*SOURCE MATERIAL*.

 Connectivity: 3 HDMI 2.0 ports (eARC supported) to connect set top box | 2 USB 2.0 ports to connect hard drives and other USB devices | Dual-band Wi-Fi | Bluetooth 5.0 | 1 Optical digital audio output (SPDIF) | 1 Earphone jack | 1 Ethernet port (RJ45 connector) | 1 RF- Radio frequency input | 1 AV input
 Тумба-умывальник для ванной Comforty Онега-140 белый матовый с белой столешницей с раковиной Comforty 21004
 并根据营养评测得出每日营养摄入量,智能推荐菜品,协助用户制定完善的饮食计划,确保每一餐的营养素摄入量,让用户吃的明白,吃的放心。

...

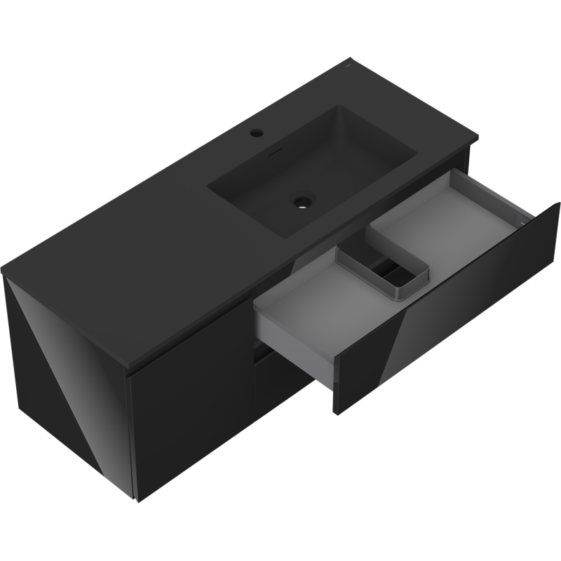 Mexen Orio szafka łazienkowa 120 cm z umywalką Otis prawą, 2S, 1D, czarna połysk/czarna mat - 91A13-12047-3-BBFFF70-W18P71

*PROBLEM DESCRIPTION*. Restate word for word the lines in the material above from the one with "Connectivity: 3 HDMI" to the one with "并根据营养评测得出每日营养摄"; both of those lines count, and nothing else does.

*PROBLEM SOLUTION*.
 Connectivity: 3 HDMI 2.0 ports (eARC supported) to connect set top box | 2 USB 2.0 ports to connect hard drives and other USB devices | Dual-band Wi-Fi | Bluetooth 5.0 | 1 Optical digital audio output (SPDIF) | 1 Earphone jack | 1 Ethernet port (RJ45 connector) | 1 RF- Radio frequency input | 1 AV input
 Тумба-умывальник для ванной Comforty Онега-140 белый матовый с белой столешницей с раковиной Comforty 21004
 并根据营养评测得出每日营养摄入量,智能推荐菜品,协助用户制定完善的饮食计划,确保每一餐的营养素摄入量,让用户吃的明白,吃的放心。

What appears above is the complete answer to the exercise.